■ **What the exercise asks**: Up to and including the line that holds "แจ็คเก็ตหนังแท้สไตล์ Letterman Varsity", copy every line of the records below exactly, starting at the first; leave pictures out.

■ **Entries supplied**:
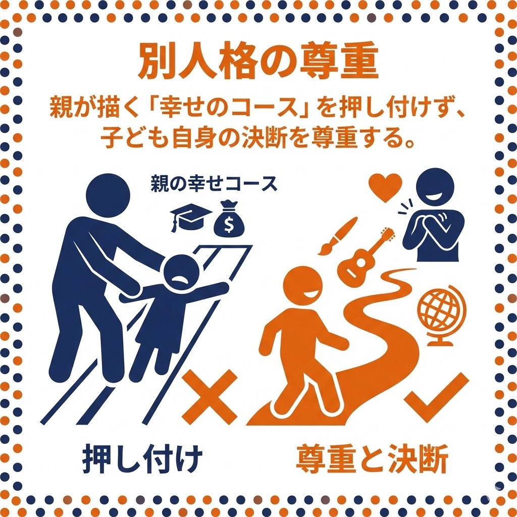 親子であっても価値観が異なることを認め、親が描く「幸せのコース」を押し付けず、子ども自身の決断を尊重する 。
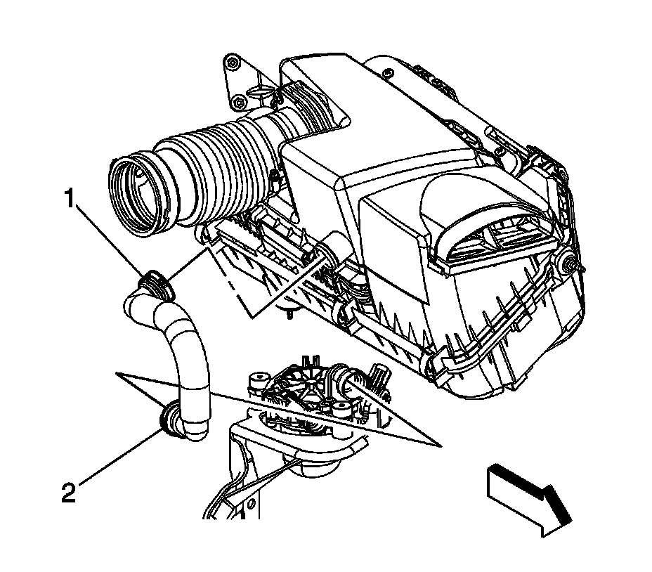 3. Disconnect the secondary air injection (AIR) hose quick connect fitting (1) from the air cleaner, if equipped. Refer to Plastic Collar Quick Connect Fitting Service (Plastic Collar Quick Connect Fitting Service).
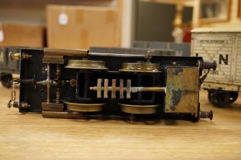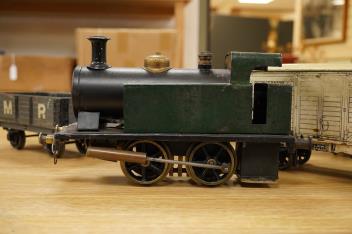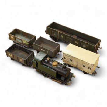 Lot 292 , A Gauge One live steam 0-4-0T locomotive in the style of a Bowman model locomotive, with spirit fired with two simple outside oscillating cylinders, together with five LNWR and Midland Railway freight wagons, including a
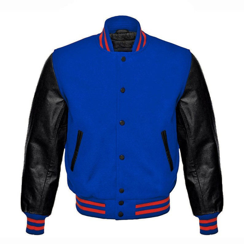 แจ็คเก็ตหนังแท้สไตล์ Letterman Varsity College Bomber สีน้ำเงิน แขนหนังวัวแท้สีดำ
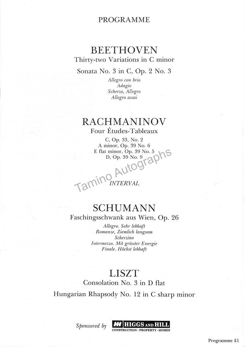 Program for a piano recital of music by Beethoven, Rachmaninoff, Schumann, and Liszt, at the Royal Festival Hall, London, on May 15th, 1989, by the American pianist, signed by him on his bio page.
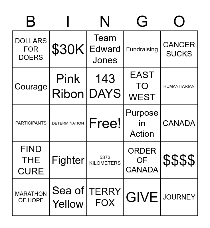 This bingo card has a free space and 67 words: 1980, #dearterry, #ImNotAQuitter, $$$$, $24M GOAL, $250K, $30K, $900 MILLION, 143 DAYS, 42 YEARS, 5373 KILOMETERS, AWARENESS, CANADA, CANCER SUCKS, COMMUNITY IMPACT TOOL, Courage, DETERMINATION, DOLLARS FOR DOERS, DONATION, EAST TO WEST, Fighter, FIND THE CURE, Fundraising, GIVE, GOAL, GP Champions, HERO, HOPE, HUMANITARIAN, IMPACT, JOURNEY, LEGACY, Limited Edition T-SHIRTS!, Living Our Purpose, MAKING A DIFFERENCE, MARATHON OF HOPE, MATCHING DONATIONS, ORDER OF CANADA, PARTICIPANTS, PARTNERSHIP, PAYROLL DEDUCTION, Pink Ribon, Purpose in Action, RESEARCH, RUN, Ryan Reynolds, School RUN, Sea of Yellow, SEPT. 17, SURVIVOR, Team Edward Jones, Team get that victory music bla"ERIN"!, Team Lean Mean Katrine Machines, Team Wayne's World! Winning Time! Excellent!, Team we Klein "Swear"mink we'll win, TERRY FOX, TERRY FOX FOUNDATION, TERRY FOX RUN, TERRY'S DREAM, TRYLIKETERRY, VOLUNTEER, WALK, WARRIOR, WEB5179954, WEB6005747, World without Cancer and X-Canada.
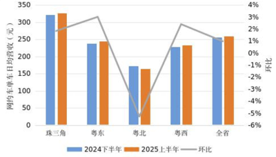 4.本统计期内,全省日均订单≥10单的网约出租车中,单车日均营收约259.19元,较2024年下半年增长0.98%,其中,珠三角地区单车日均营收约327.27元,较2024年下半年增长1.83%;粤东地区单车日均营收约245.10元,较2024年下半年增长3.01%;粤西地区单车日均营收约233.24元,6较2024年下半年增长2.40%;粤北地区单车日均营收约163.49元,较2024年下半年下降5.28%。
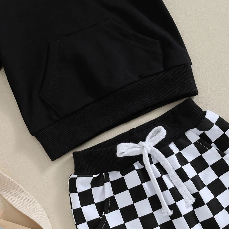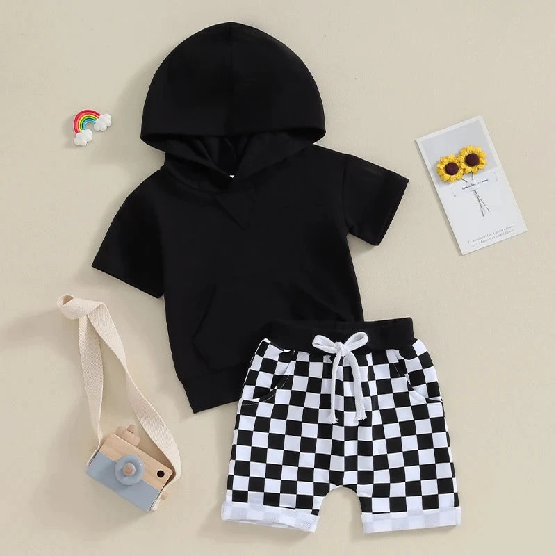 This is a 2-piece outfit set for baby and toddler boys featuring a short-sleeve solid hooded T-shirt paired with classic checkered shorts. Made from a soft cotton blend, it’s the perfect casual ensemble for warm weather days. The hooded tee adds a sporty touch, while the coordinated shorts complete the look. It solves the challenge of finding a put-together outfit that’s both comfortable enough for active play and stylish enough for everyday adventures.
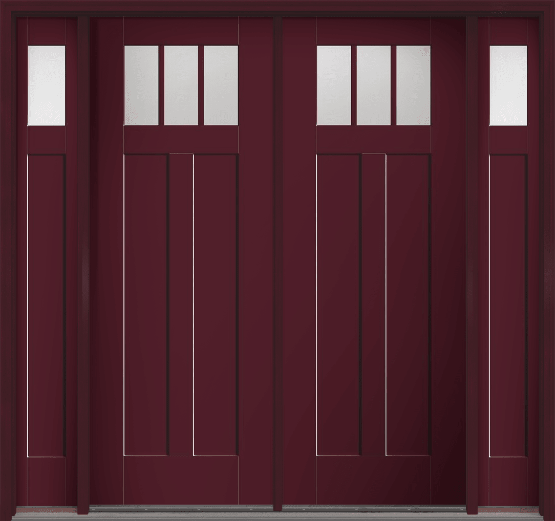 96" Low-E Craftsman 3 Lite 2 Panel Shaker SDL Flat 1-1/8" Smooth Flush-Glazed Fiberglass Double Door, Sidelites
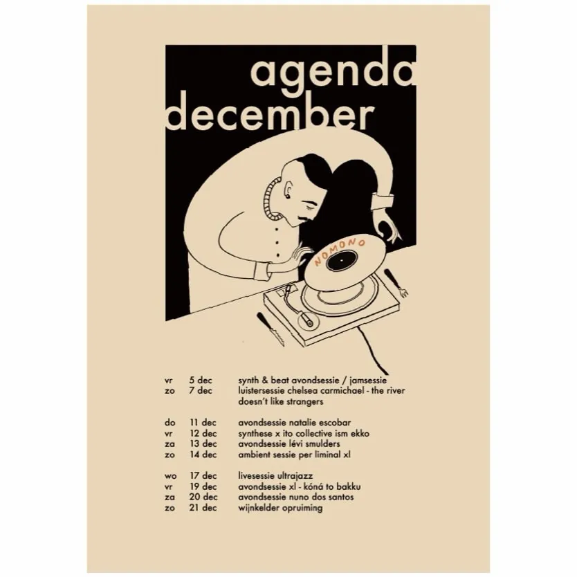 Nu, ruim twee jaar later, is Nomono onder Utrechtse muziekliefhebbers bekend terrein. Hun programma heeft zich enorm uitgebreid: drie tot vier keer per week is hier wat te beluisteren in allerlei genres en vormen. “Dat spectrum vind ik echt iets leuks. Dat er zowel onbekende enthousiastelingen met hun eigen vinylcollectie komen als artiesten met een fanbase!” Eerder dit jaar stonden Sef en Spinvis achter de draaitafels bij een luistersessie. En recent was Benjamin Herman te gast, één van Nederlands meest geliefde saxofonisten. “Dat voelde wel als een belangrijk moment”, zegt Kuin.
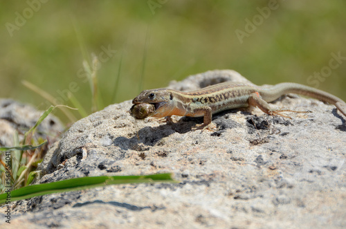 © Helen, Fototapeta premium Lizard on a rock with food in mouth
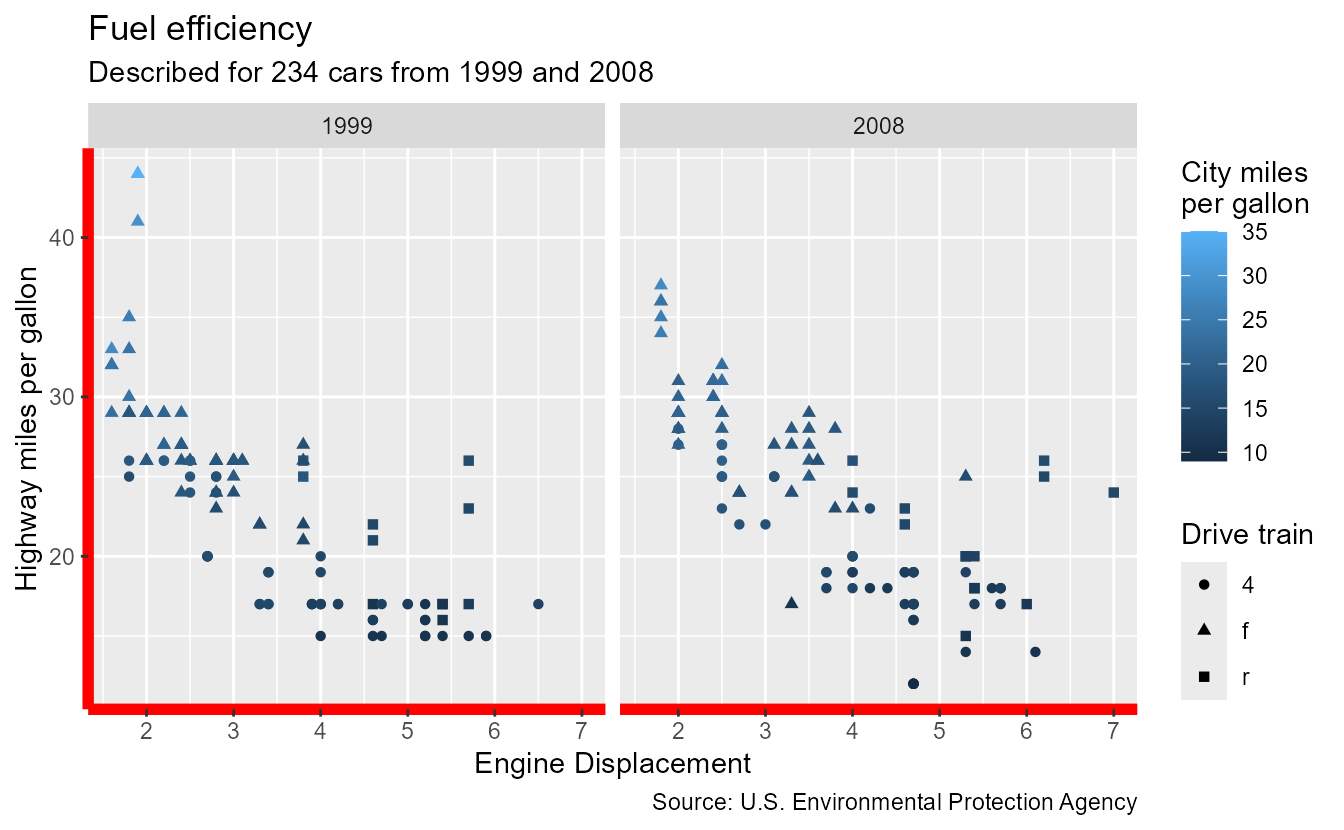 p <- ggplot(mpg, aes(displ, hwy, colour = cty, shape = drv)) +
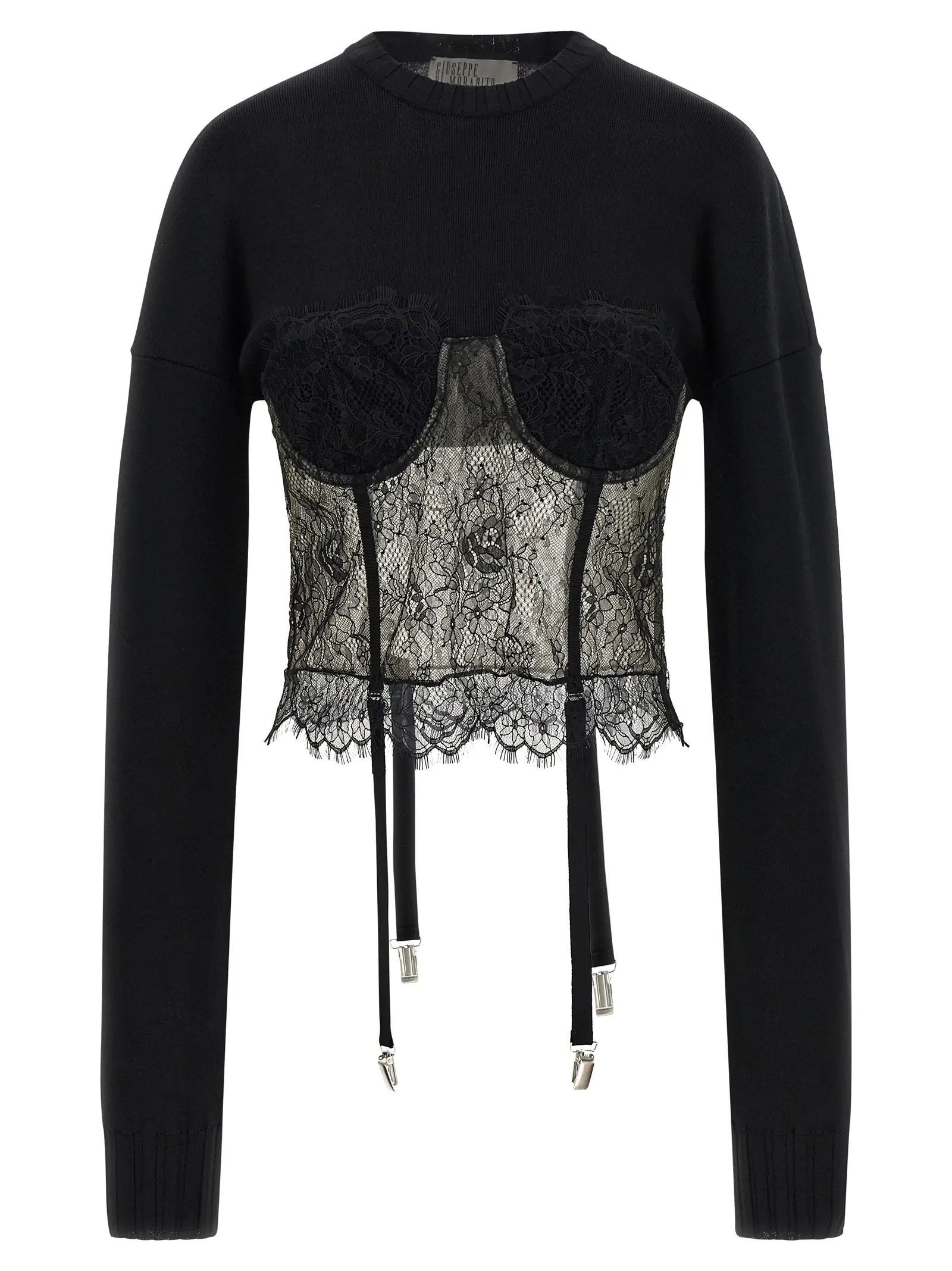 Светр з мереживними вставками Giuseppe Di Morabito чорний
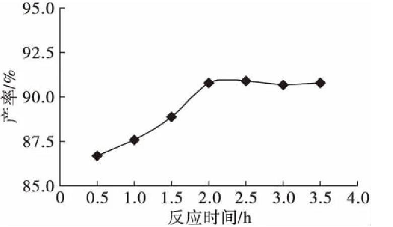 由圖3可以看出,隨著反應溫度逐步升高產物產率也逐步增大,在35℃時產物產率達到最大值,之后反應溫度再升高產物產率逐步下降。因此,選擇反應溫度30~40℃進行優化試驗。

■ **Answer to the problem**:
 親子であっても価値観が異なることを認め、親が描く「幸せのコース」を押し付けず、子ども自身の決断を尊重する 。
 3. Disconnect the secondary air injection (AIR) hose quick connect fitting (1) from the air cleaner, if equipped. Refer to Plastic Collar Quick Connect Fitting Service (Plastic Collar Quick Connect Fitting Service).
 Lot 292 , A Gauge One live steam 0-4-0T locomotive in the style of a Bowman model locomotive, with spirit fired with two simple outside oscillating cylinders, together with five LNWR and Midland Railway freight wagons, including a
 แจ็คเก็ตหนังแท้สไตล์ Letterman Varsity College Bomber สีน้ำเงิน แขนหนังวัวแท้สีดำ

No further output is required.